(Items from a dataset)

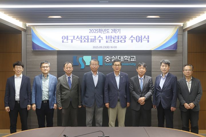 [서울=뉴시스]전수현 인턴 기자 = 숭실대는 지난 23일 서철헌 교수(전자정보공학부 IT융합전공)와 천명기 교수(물리학과)를 첫 연구석좌교수로 임용했다.
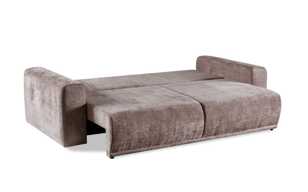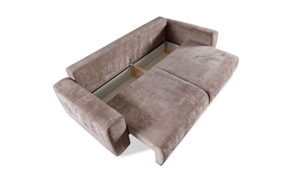 Model wyposażono w funkcję spania codziennego, dzięki czemu rozkładanie sofy jest szybkie i wygodne, a duża powierzchnia spania zapewnia komfortowy sen. Praktyczny pojemnik na pościel ułatwia przechowywanie i pomaga utrzymać porządek.
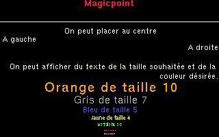 Cet article va décrire les fonctionnalités du logiciel MagicPoint. Ce dernier est l'un des rares logiciels libres permettant de realisér une présentation sous X-window. La présentation est décrite via un texte ayant une syntaxe simple mais offrant toutes les possibilités souhaitées.
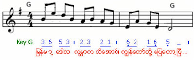 “မိုးေတြကလဲ၊မစဲဘဲရြာေနတယ္၊ ျမစ္ေခ်ာင္းအင္းအိုင္ေရေတြ ျပည့္လို႔ … ငါတို႔တိုက္ရတယ္၊ ဘာမထီ ငါတို႔စစ္သားေကာင္း… ”
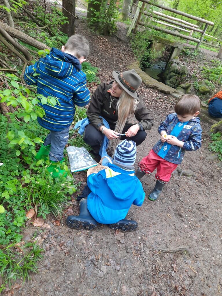 Am letzten Samstag im April ging es „ab ins Abenteuer“ zusammen mit dem Team von der Erlebnisschule Wald und Wild der Kreisjägerschaft Ahrweiler. Die Erlebnisschule ist das Herzensprojekt der Ahrweiler Jäger und kommt schon seit vielen Jahren als sogenannte rollende Waldschule zu den Kindern in unserem Kreis, um ihnen die wilde Tierwelt näher zu bringen. Für den Projekteinsatz hatten die drei Jägerinnen spannende Missionen für die Kinder und Jugendlichen mitgebracht.Nach dem Kennenlernen durften erstmal alle beim „Fuchs und Mäuse“-Spiel nach Herzenslust toben und rennen. Anschließend gab es mit Tjede Kaukewitsch und Monika Fischer im anliegenden Bach faszinierende Wasserlebewesen zu entdecken. Die große Vielfalt an verschiedensten Arten von Bachflohkrebsen, Eintagsfliegenlarven und Strudelwürmern erstaunte nicht zuletzt auch die Erwachsenen, die ebenso eifrig beim Tümpeln dabei waren. Wie viele verschiedene Lebensräume so ein Bach tatsächlich hat und daran angepasst die darauf spezialisierten Larven, Krebse, Würmer und Schnecken, hat zu großen Erstaunen geführt. Alle durften außerdem einen eigenen Bachstein mit Farben selbst gestalten und hatten so eine kleine Erinnerung an den schönen Wassertag mit den Freundinnen und Freunden. Besonders aufregend wurde es nach der gemeinsamen Frühstückspause, denn dann ging es zusammen mit Brigit Gross auf die Pirsch. Ganz versteckt warteten unter anderem Hase, Fuchs und Dachs im kleinen Wäldchen am Bach und die Jägerin wusste Spannendes zur Lebensweise unserer heimischen Wildtiere zu erzählen. Abschließend durften dann noch die Forellen gefüttert werden, die in einer kleinen Hobbyanlage am Bach zu finden sind. Auch das ein positive Verbindung mit dem Element Wasser, denn so eine geräucherte Forelle direkt aus dem heimischen Gewässer ist auch ganz schön lecker, wussten die Kinder zu berichten.
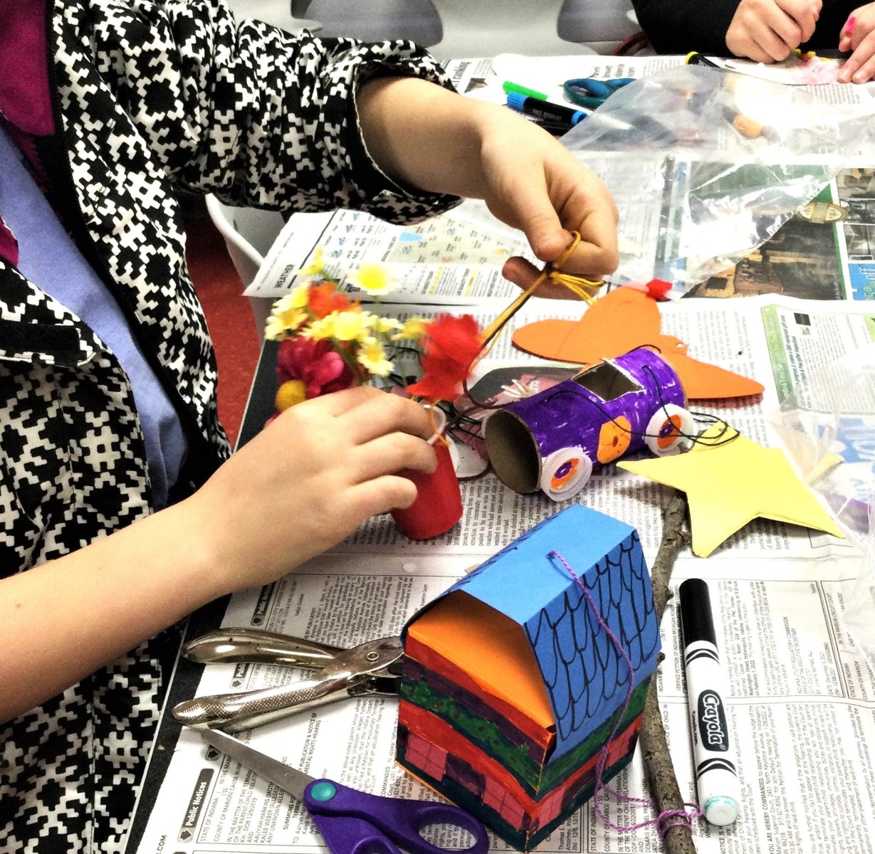 Create 3-D sculptures. Work with cut paper, cardboard, markers, and mixed media. A fun way to use your imagination to design and construct.
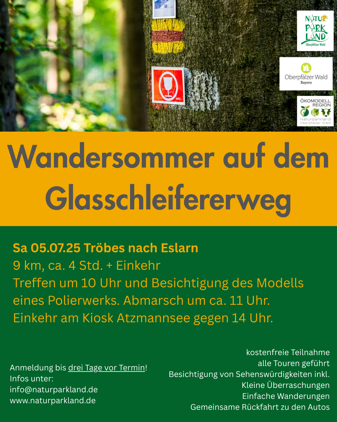 Im Rahmen des Wandersommers finden auch geführte Wanderungen statt, die den Teilnehmern die Möglichkeit bieten, den Glasschleifererweg und seine Sehenswürdigkeiten zu erleben. Die Teilnahme ist kostenfrei und die Eintrittspreise für Sehenswürdigkeiten sind inklusive. Die Teilnehmer erwarten zudem kleine Überraschungen, wie beispielsweise von der Öko-Modellregion.

- _TASK REQUIREMENTS_:
A faithful copy of all the records is required, with the pictures left out.

- _ANSWER TO THIS TASK_:
 [서울=뉴시스]전수현 인턴 기자 = 숭실대는 지난 23일 서철헌 교수(전자정보공학부 IT융합전공)와 천명기 교수(물리학과)를 첫 연구석좌교수로 임용했다.
 Model wyposażono w funkcję spania codziennego, dzięki czemu rozkładanie sofy jest szybkie i wygodne, a duża powierzchnia spania zapewnia komfortowy sen. Praktyczny pojemnik na pościel ułatwia przechowywanie i pomaga utrzymać porządek.
 Cet article va décrire les fonctionnalités du logiciel MagicPoint. Ce dernier est l'un des rares logiciels libres permettant de realisér une présentation sous X-window. La présentation est décrite via un texte ayant une syntaxe simple mais offrant toutes les possibilités souhaitées.
 “မိုးေတြကလဲ၊မစဲဘဲရြာေနတယ္၊ ျမစ္ေခ်ာင္းအင္းအိုင္ေရေတြ ျပည့္လို႔ … ငါတို႔တိုက္ရတယ္၊ ဘာမထီ ငါတို႔စစ္သားေကာင္း… ”
 Am letzten Samstag im April ging es „ab ins Abenteuer“ zusammen mit dem Team von der Erlebnisschule Wald und Wild der Kreisjägerschaft Ahrweiler. Die Erlebnisschule ist das Herzensprojekt der Ahrweiler Jäger und kommt schon seit vielen Jahren als sogenannte rollende Waldschule zu den Kindern in unserem Kreis, um ihnen die wilde Tierwelt näher zu bringen. Für den Projekteinsatz hatten die drei Jägerinnen spannende Missionen für die Kinder und Jugendlichen mitgebracht.Nach dem Kennenlernen durften erstmal alle beim „Fuchs und Mäuse“-Spiel nach Herzenslust toben und rennen. Anschließend gab es mit Tjede Kaukewitsch und Monika Fischer im anliegenden Bach faszinierende Wasserlebewesen zu entdecken. Die große Vielfalt an verschiedensten Arten von Bachflohkrebsen, Eintagsfliegenlarven und Strudelwürmern erstaunte nicht zuletzt auch die Erwachsenen, die ebenso eifrig beim Tümpeln dabei waren. Wie viele verschiedene Lebensräume so ein Bach tatsächlich hat und daran angepasst die darauf spezialisierten Larven, Krebse, Würmer und Schnecken, hat zu großen Erstaunen geführt. Alle durften außerdem einen eigenen Bachstein mit Farben selbst gestalten und hatten so eine kleine Erinnerung an den schönen Wassertag mit den Freundinnen und Freunden. Besonders aufregend wurde es nach der gemeinsamen Frühstückspause, denn dann ging es zusammen mit Brigit Gross auf die Pirsch. Ganz versteckt warteten unter anderem Hase, Fuchs und Dachs im kleinen Wäldchen am Bach und die Jägerin wusste Spannendes zur Lebensweise unserer heimischen Wildtiere zu erzählen. Abschließend durften dann noch die Forellen gefüttert werden, die in einer kleinen Hobbyanlage am Bach zu finden sind. Auch das ein positive Verbindung mit dem Element Wasser, denn so eine geräucherte Forelle direkt aus dem heimischen Gewässer ist auch ganz schön lecker, wussten die Kinder zu berichten.
 Create 3-D sculptures. Work with cut paper, cardboard, markers, and mixed media. A fun way to use your imagination to design and construct.
 Im Rahmen des Wandersommers finden auch geführte Wanderungen statt, die den Teilnehmern die Möglichkeit bieten, den Glasschleifererweg und seine Sehenswürdigkeiten zu erleben. Die Teilnahme ist kostenfrei und die Eintrittspreise für Sehenswürdigkeiten sind inklusive. Die Teilnehmer erwarten zudem kleine Überraschungen, wie beispielsweise von der Öko-Modellregion.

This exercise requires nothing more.